__Directions for this task__: The answer must be an exact copy of the lines from the one with "This Fahm Women’s" through the final line of the records below, with no pictures.

====== Source data ======

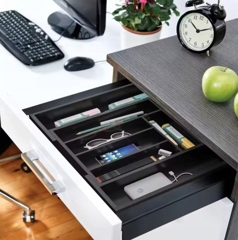 - Dzięki rozsuwanym elementom na boki organizer z łatwością możemy dopasować do naszej szuflady.
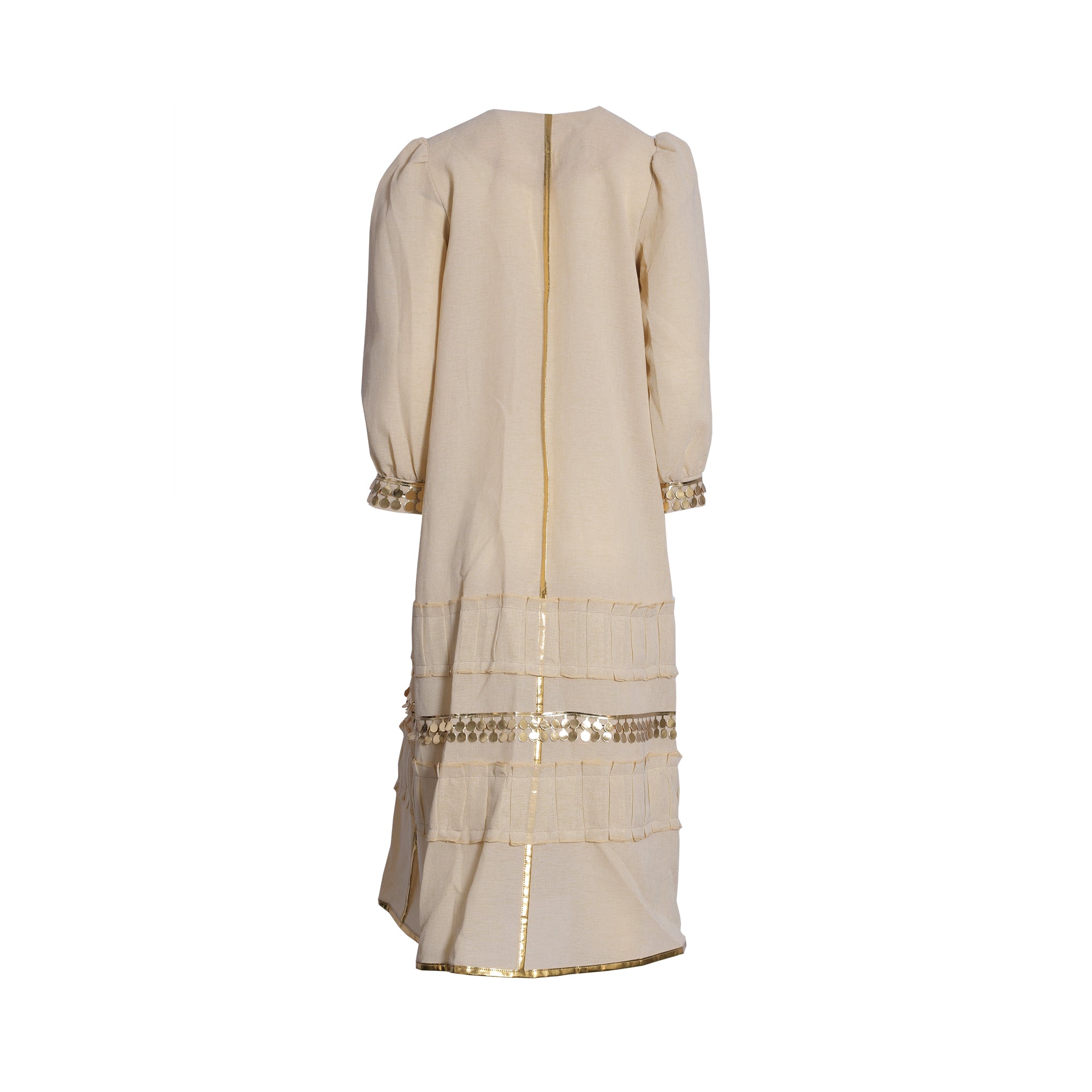 This Fahm Women’s Abaya is a timeless addition to your wardrobe. Constructed with a round neck and short slit, this abaya features long sleeves and a flared fit with pleats for added detail. The dress is further adorned with gold lace detailing across the length of the dress for added style and sophistication. The edges are finished off with trim made from a golden pipeline as well as the cuffs to create a sustainable look. This piece is made from a premium fabric to ensure your style and comfort. Ideal for outing or evening occasions, you can wear this free size abaya to show off your chic and classy style. SPECIFICATIONS
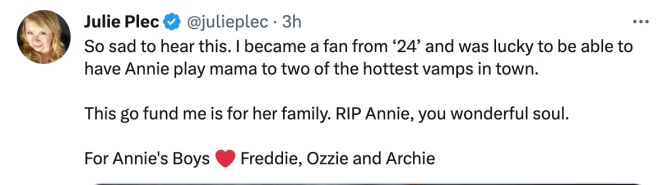 Julie Plec, the show runner for The Vampire Diaries, also posted a tribute via Twitter. “So sad to her this. I became a fan from ‘24’ and was lucky to be able to have Annie play mama to two of the hottest vamps in town,” she wrote. “This go fund me is for her family. RIP Annie, you wonderful soul. For Annie’s Boys… Freddie, Ozzie and Archie,” she also said.
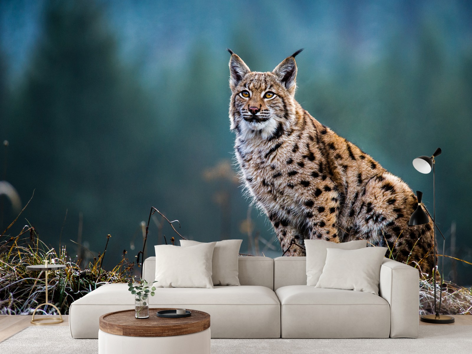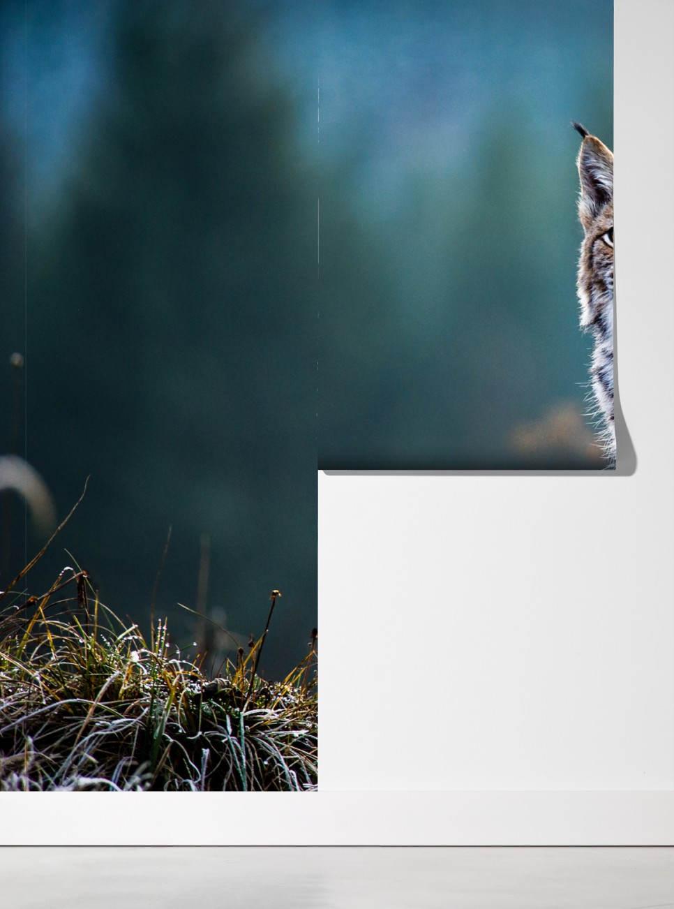 Atemberaubende Nahaufnahme eines Luchses in seinem natürlichen Umfeld, ideal um die wilde Schönheit des Waldes ins Zuhause zu bringen.
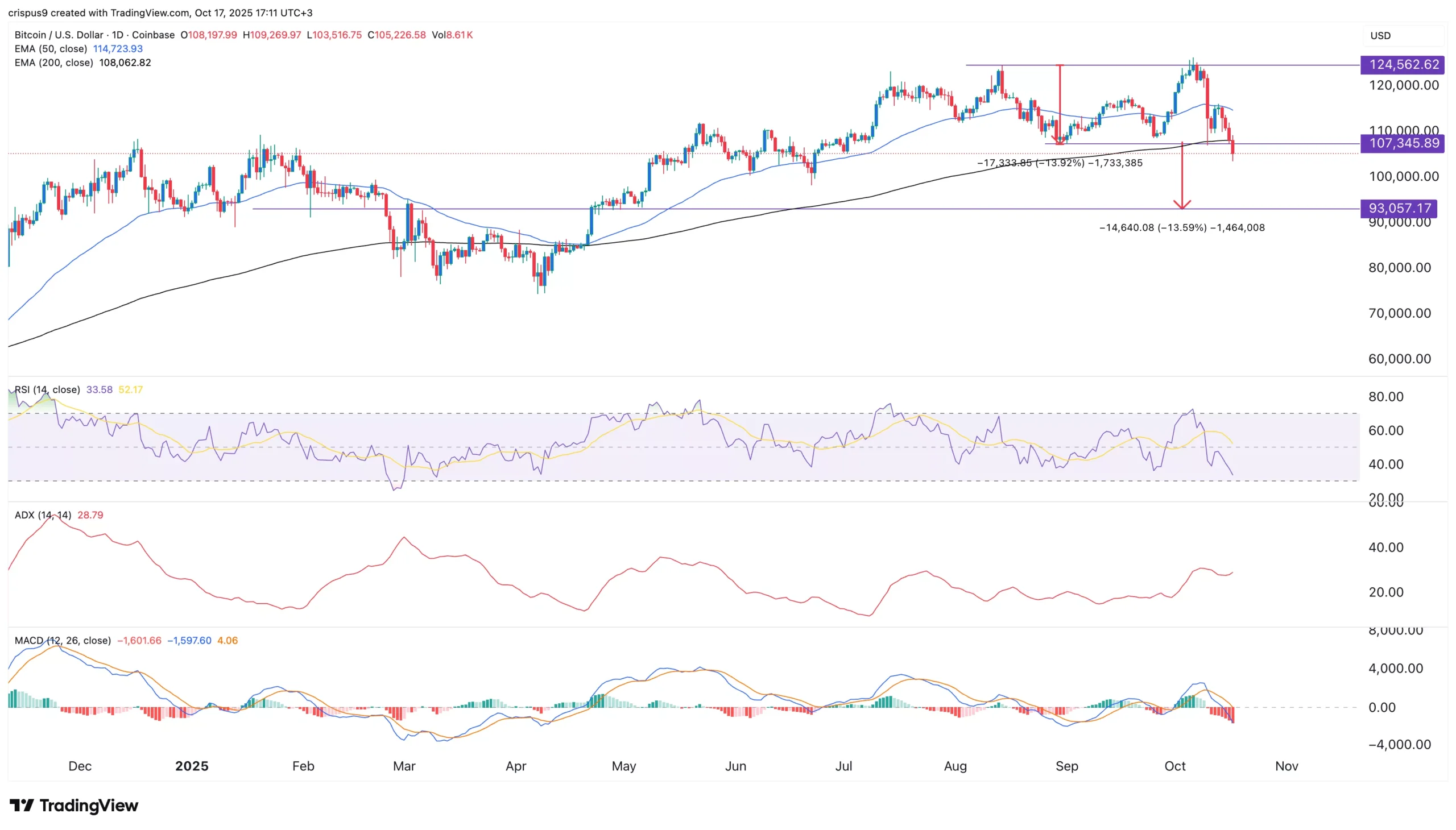 Technical analysis suggests that Bitcoin’s price has more downside. It has formed a double-top pattern on the daily chart and a giant rising wedge on the weekly chart. These patterns mean it may drop below $100,000 as risks in the market rise.

======

__Task output__:
 This Fahm Women’s Abaya is a timeless addition to your wardrobe. Constructed with a round neck and short slit, this abaya features long sleeves and a flared fit with pleats for added detail. The dress is further adorned with gold lace detailing across the length of the dress for added style and sophistication. The edges are finished off with trim made from a golden pipeline as well as the cuffs to create a sustainable look. This piece is made from a premium fabric to ensure your style and comfort. Ideal for outing or evening occasions, you can wear this free size abaya to show off your chic and classy style. SPECIFICATIONS
 Julie Plec, the show runner for The Vampire Diaries, also posted a tribute via Twitter. “So sad to her this. I became a fan from ‘24’ and was lucky to be able to have Annie play mama to two of the hottest vamps in town,” she wrote. “This go fund me is for her family. RIP Annie, you wonderful soul. For Annie’s Boys… Freddie, Ozzie and Archie,” she also said.
 Atemberaubende Nahaufnahme eines Luchses in seinem natürlichen Umfeld, ideal um die wilde Schönheit des Waldes ins Zuhause zu bringen.
 Technical analysis suggests that Bitcoin’s price has more downside. It has formed a double-top pattern on the daily chart and a giant rising wedge on the weekly chart. These patterns mean it may drop below $100,000 as risks in the market rise.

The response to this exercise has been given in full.